_Prompt_
Drop every picture. Then return, exactly, the lines from the beginning of the listing below through the one containing "white background, businessperson".

_Excerpted data_
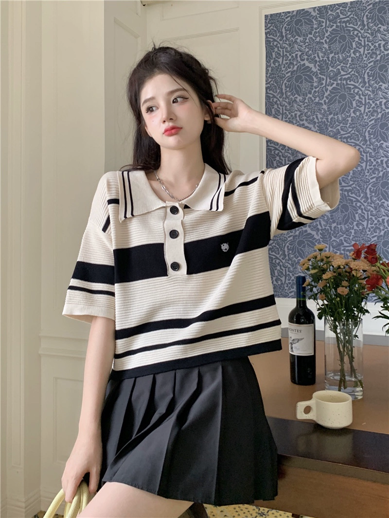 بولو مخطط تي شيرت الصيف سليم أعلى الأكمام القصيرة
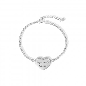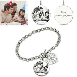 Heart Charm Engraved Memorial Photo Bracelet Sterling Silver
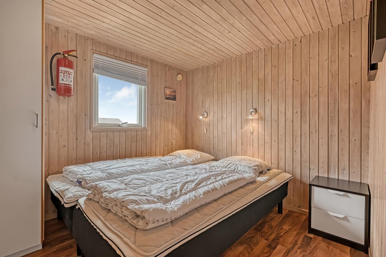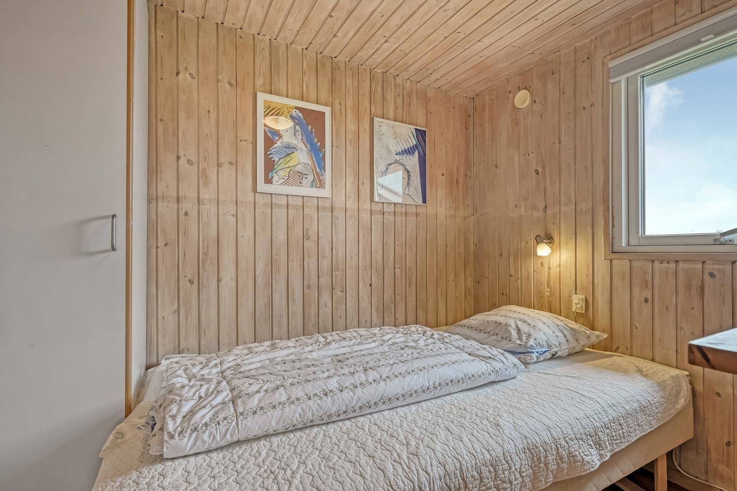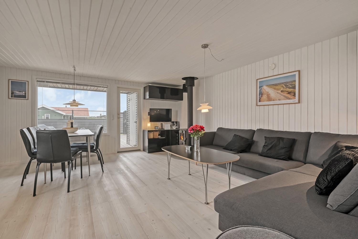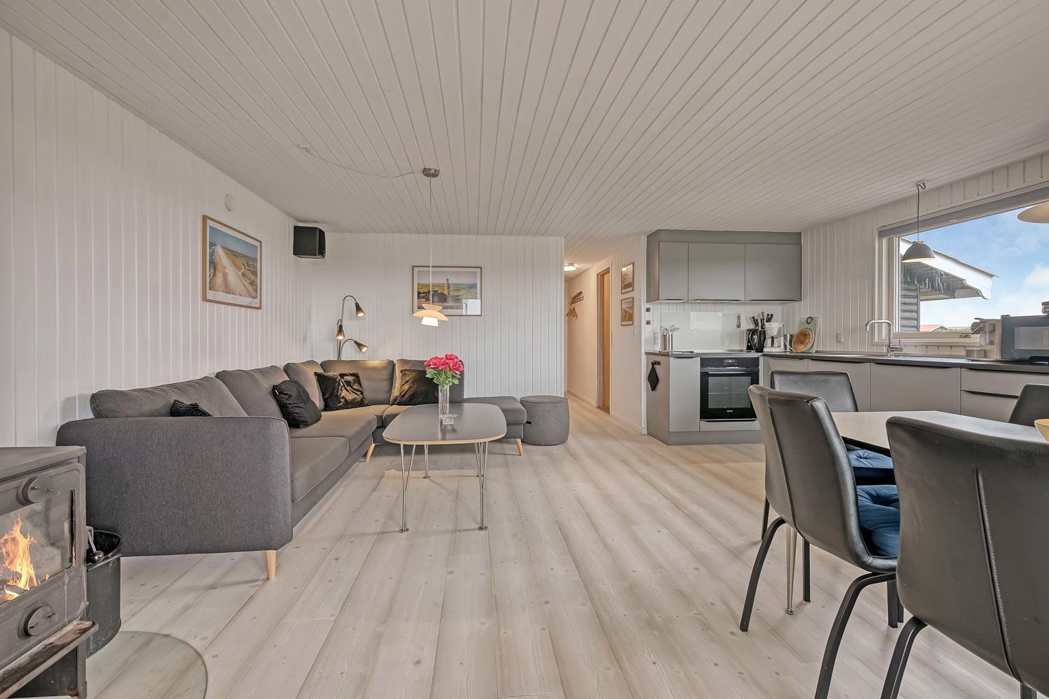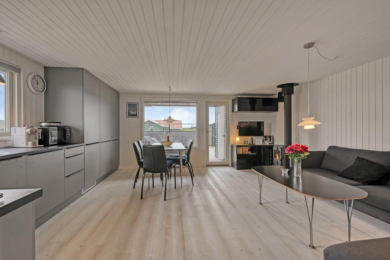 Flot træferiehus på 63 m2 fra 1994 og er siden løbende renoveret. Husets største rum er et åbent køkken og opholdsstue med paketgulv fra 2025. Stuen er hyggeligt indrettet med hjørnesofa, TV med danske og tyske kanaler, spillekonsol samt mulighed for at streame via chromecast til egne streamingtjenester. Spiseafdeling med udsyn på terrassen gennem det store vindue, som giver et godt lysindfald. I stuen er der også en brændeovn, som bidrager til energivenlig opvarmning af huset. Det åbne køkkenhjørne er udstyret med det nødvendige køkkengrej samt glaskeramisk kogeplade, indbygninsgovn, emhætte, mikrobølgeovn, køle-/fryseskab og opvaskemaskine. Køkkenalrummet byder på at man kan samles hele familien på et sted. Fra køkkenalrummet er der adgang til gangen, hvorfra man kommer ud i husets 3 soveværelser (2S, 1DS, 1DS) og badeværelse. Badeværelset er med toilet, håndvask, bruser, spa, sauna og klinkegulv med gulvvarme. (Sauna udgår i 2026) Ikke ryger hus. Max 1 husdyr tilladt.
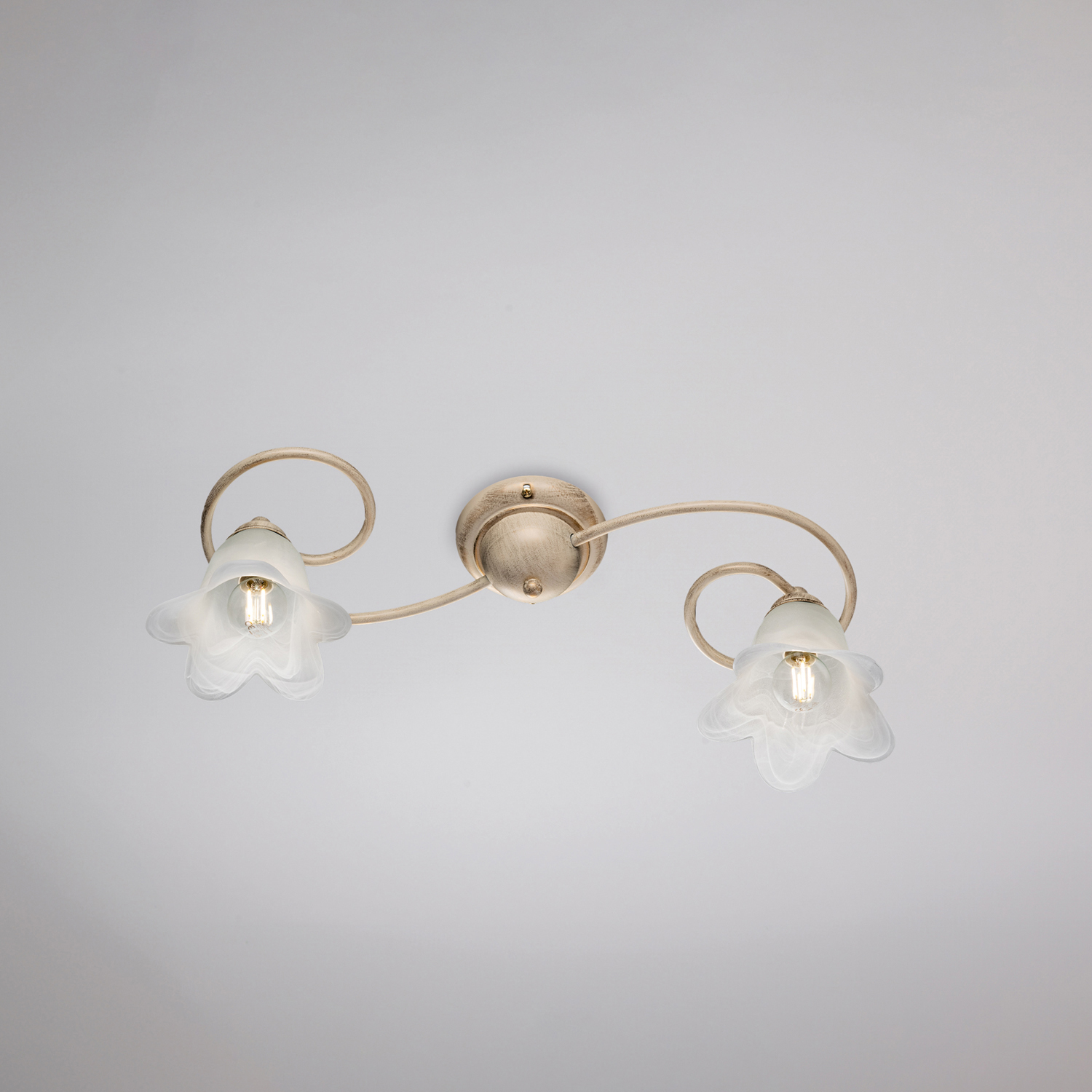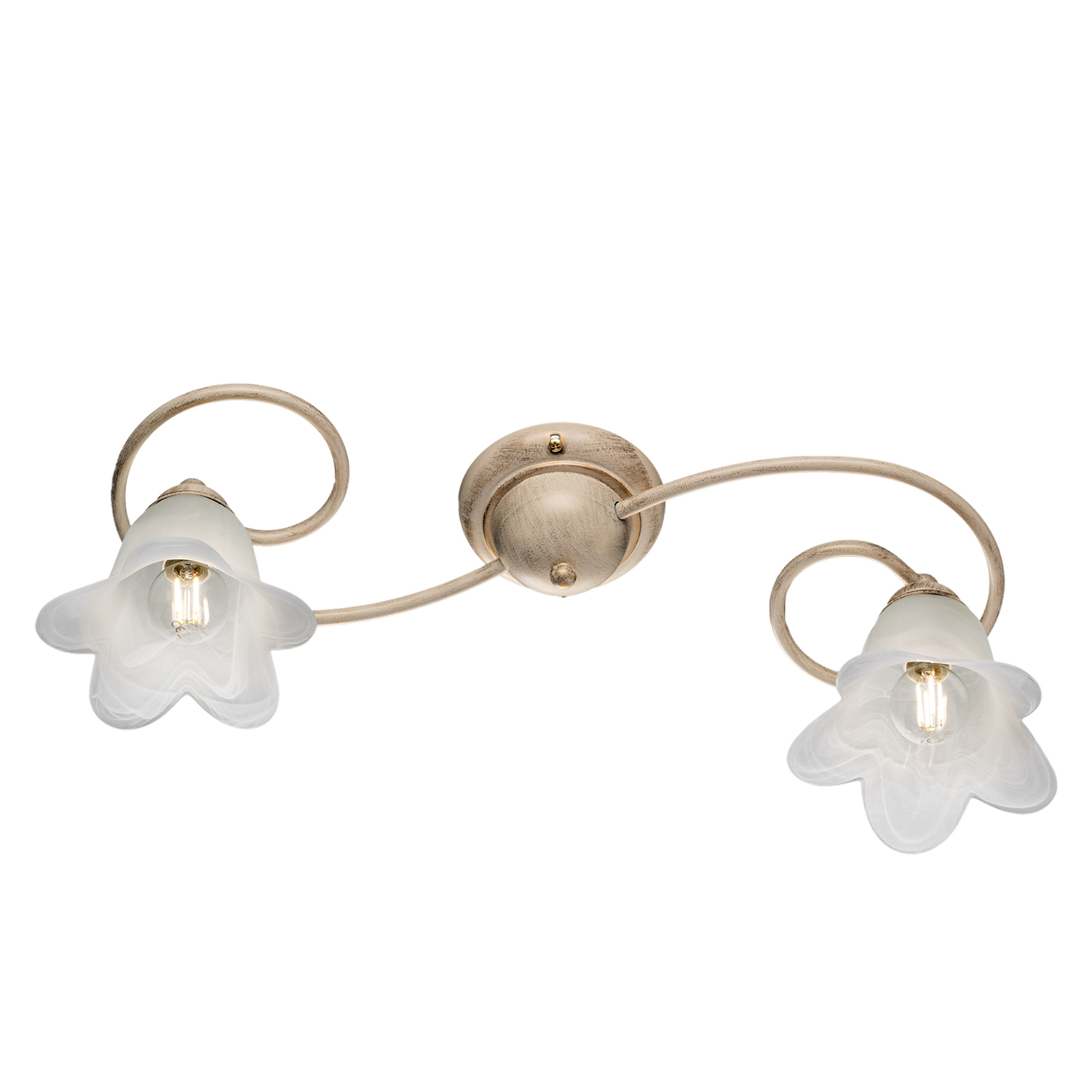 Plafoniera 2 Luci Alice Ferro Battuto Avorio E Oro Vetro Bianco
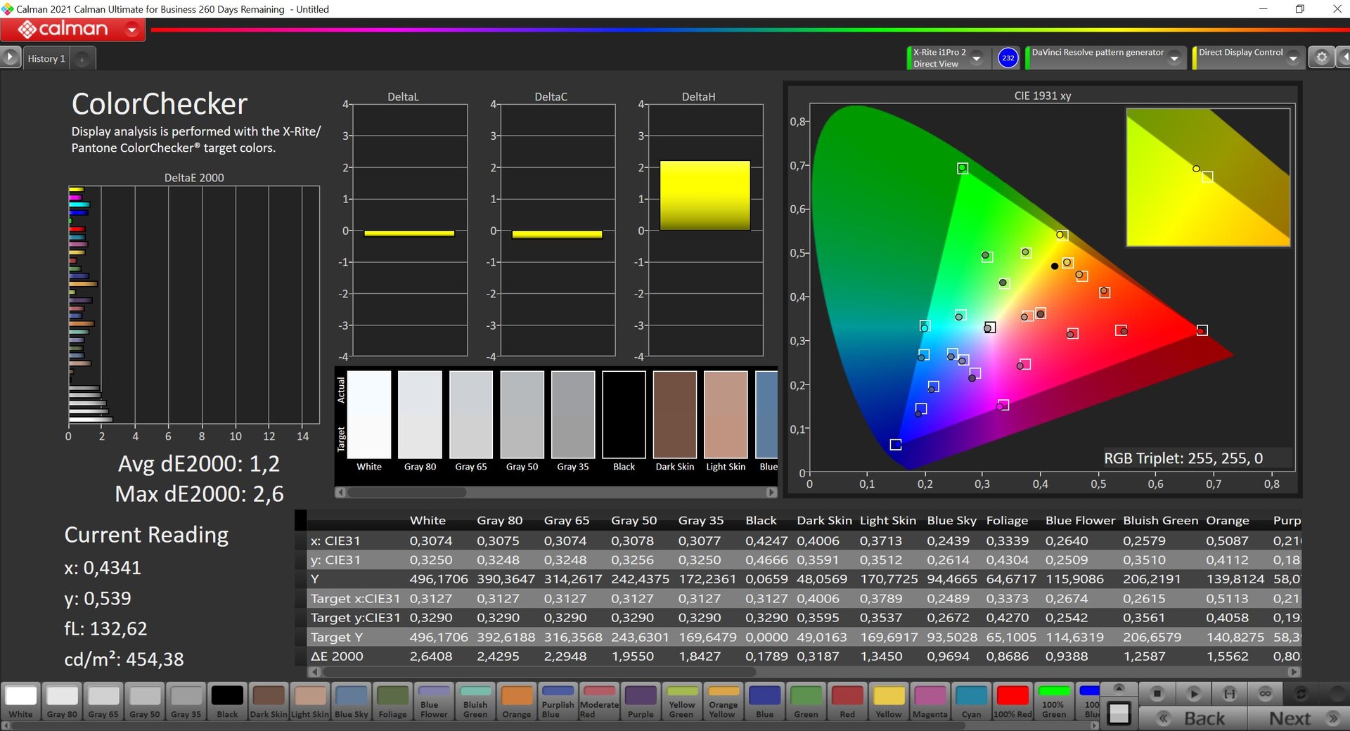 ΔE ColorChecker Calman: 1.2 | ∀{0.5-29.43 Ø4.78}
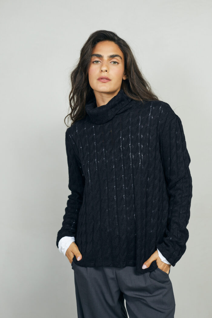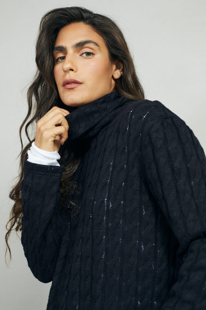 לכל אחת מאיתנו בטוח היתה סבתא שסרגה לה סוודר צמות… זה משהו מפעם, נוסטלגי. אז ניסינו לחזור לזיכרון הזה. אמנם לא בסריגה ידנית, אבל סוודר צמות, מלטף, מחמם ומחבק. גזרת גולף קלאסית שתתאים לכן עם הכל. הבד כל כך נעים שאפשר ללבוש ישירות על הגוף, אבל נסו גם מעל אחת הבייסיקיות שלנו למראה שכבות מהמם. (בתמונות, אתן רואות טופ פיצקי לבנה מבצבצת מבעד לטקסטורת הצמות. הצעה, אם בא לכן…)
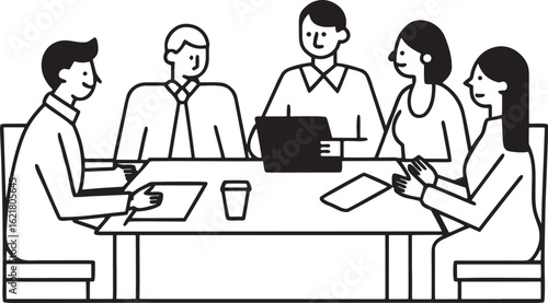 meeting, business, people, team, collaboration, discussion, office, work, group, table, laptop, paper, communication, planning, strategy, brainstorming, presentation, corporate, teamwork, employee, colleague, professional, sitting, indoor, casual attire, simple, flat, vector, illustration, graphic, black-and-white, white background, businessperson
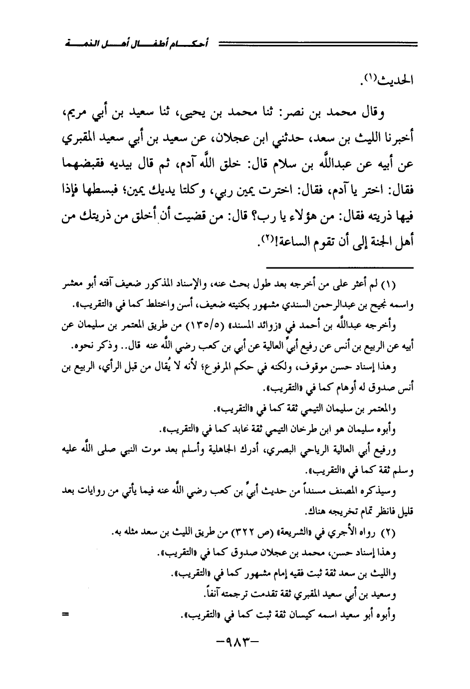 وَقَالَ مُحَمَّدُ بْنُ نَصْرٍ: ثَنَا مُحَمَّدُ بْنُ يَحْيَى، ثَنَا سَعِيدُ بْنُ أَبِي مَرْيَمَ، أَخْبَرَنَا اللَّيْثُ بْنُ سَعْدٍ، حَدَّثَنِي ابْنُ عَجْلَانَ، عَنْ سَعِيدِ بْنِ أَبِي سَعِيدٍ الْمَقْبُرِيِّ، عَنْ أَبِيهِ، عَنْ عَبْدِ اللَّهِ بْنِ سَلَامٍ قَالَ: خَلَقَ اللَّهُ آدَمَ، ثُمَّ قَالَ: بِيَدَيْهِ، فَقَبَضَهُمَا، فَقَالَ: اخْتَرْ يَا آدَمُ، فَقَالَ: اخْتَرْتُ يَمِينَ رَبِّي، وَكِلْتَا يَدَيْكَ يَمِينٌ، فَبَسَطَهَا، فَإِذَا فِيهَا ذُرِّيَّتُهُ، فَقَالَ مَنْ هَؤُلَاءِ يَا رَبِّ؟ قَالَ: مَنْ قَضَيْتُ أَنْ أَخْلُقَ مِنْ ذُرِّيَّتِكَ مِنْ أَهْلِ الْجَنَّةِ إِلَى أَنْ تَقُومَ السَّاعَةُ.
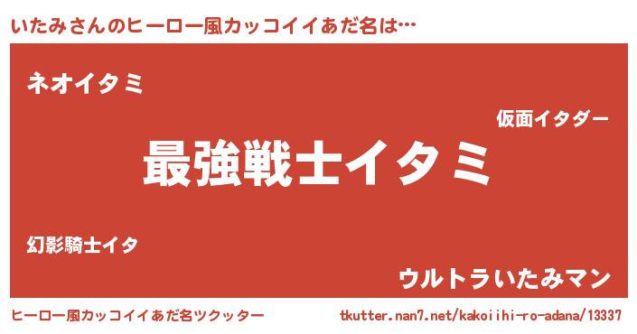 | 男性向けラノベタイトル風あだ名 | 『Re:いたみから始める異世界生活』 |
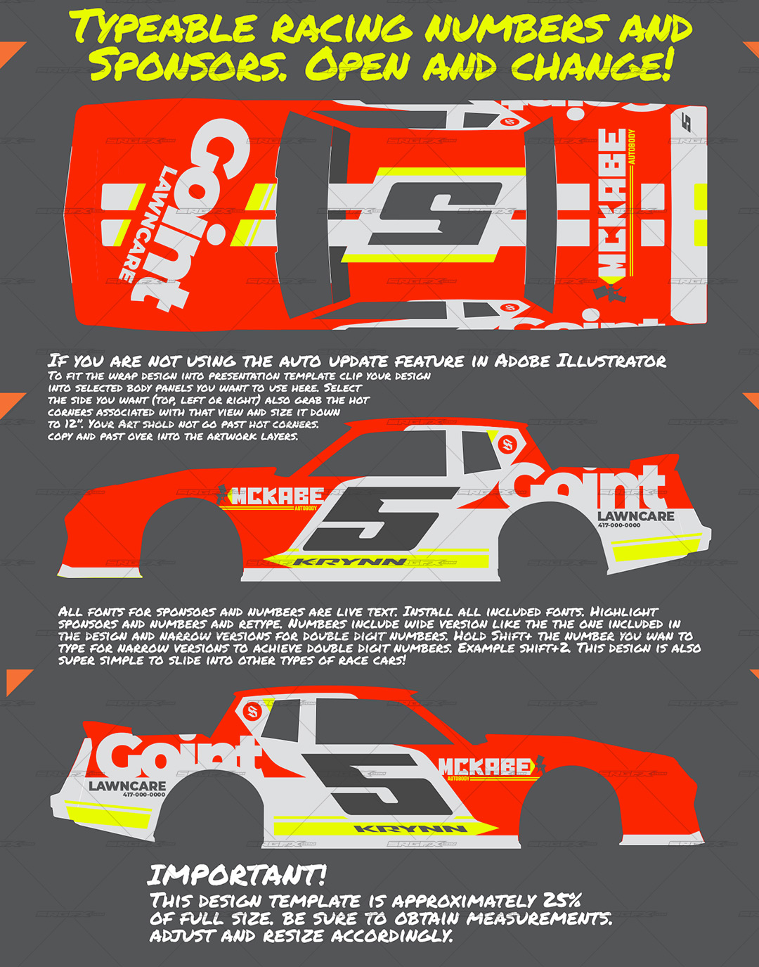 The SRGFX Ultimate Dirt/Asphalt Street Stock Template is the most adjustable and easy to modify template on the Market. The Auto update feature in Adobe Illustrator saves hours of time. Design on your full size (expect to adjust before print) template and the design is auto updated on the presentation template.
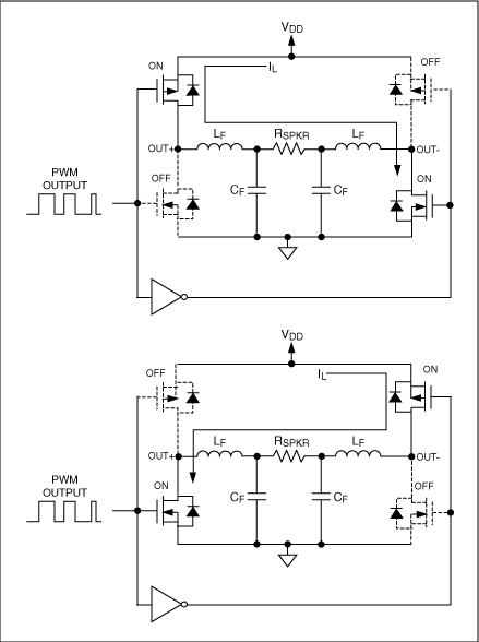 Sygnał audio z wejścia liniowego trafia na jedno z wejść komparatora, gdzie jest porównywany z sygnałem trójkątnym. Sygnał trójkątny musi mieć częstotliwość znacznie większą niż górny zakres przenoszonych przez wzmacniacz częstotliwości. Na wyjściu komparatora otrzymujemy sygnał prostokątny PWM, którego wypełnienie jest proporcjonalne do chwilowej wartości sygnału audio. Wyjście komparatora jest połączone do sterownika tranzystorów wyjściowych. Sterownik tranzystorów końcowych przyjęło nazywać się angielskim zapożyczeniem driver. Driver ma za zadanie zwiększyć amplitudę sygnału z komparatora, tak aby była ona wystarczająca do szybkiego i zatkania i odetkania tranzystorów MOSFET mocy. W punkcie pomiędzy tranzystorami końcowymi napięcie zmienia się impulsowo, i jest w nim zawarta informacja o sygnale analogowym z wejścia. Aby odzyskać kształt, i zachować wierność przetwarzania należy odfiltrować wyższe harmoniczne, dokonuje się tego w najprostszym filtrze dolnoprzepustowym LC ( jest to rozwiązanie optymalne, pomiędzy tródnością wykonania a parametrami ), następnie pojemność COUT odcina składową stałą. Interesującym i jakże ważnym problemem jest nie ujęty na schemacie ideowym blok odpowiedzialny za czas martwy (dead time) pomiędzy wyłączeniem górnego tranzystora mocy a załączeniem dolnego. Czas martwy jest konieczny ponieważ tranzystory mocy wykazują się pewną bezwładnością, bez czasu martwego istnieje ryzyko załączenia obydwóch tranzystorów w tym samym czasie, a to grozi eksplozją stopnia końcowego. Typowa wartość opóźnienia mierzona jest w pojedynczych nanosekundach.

_Reply_
 بولو مخطط تي شيرت الصيف سليم أعلى الأكمام القصيرة
 Heart Charm Engraved Memorial Photo Bracelet Sterling Silver
 Flot træferiehus på 63 m2 fra 1994 og er siden løbende renoveret. Husets største rum er et åbent køkken og opholdsstue med paketgulv fra 2025. Stuen er hyggeligt indrettet med hjørnesofa, TV med danske og tyske kanaler, spillekonsol samt mulighed for at streame via chromecast til egne streamingtjenester. Spiseafdeling med udsyn på terrassen gennem det store vindue, som giver et godt lysindfald. I stuen er der også en brændeovn, som bidrager til energivenlig opvarmning af huset. Det åbne køkkenhjørne er udstyret med det nødvendige køkkengrej samt glaskeramisk kogeplade, indbygninsgovn, emhætte, mikrobølgeovn, køle-/fryseskab og opvaskemaskine. Køkkenalrummet byder på at man kan samles hele familien på et sted. Fra køkkenalrummet er der adgang til gangen, hvorfra man kommer ud i husets 3 soveværelser (2S, 1DS, 1DS) og badeværelse. Badeværelset er med toilet, håndvask, bruser, spa, sauna og klinkegulv med gulvvarme. (Sauna udgår i 2026) Ikke ryger hus. Max 1 husdyr tilladt.
 Plafoniera 2 Luci Alice Ferro Battuto Avorio E Oro Vetro Bianco
 ΔE ColorChecker Calman: 1.2 | ∀{0.5-29.43 Ø4.78}
 לכל אחת מאיתנו בטוח היתה סבתא שסרגה לה סוודר צמות… זה משהו מפעם, נוסטלגי. אז ניסינו לחזור לזיכרון הזה. אמנם לא בסריגה ידנית, אבל סוודר צמות, מלטף, מחמם ומחבק. גזרת גולף קלאסית שתתאים לכן עם הכל. הבד כל כך נעים שאפשר ללבוש ישירות על הגוף, אבל נסו גם מעל אחת הבייסיקיות שלנו למראה שכבות מהמם. (בתמונות, אתן רואות טופ פיצקי לבנה מבצבצת מבעד לטקסטורת הצמות. הצעה, אם בא לכן…)
 meeting, business, people, team, collaboration, discussion, office, work, group, table, laptop, paper, communication, planning, strategy, brainstorming, presentation, corporate, teamwork, employee, colleague, professional, sitting, indoor, casual attire, simple, flat, vector, illustration, graphic, black-and-white, white background, businessperson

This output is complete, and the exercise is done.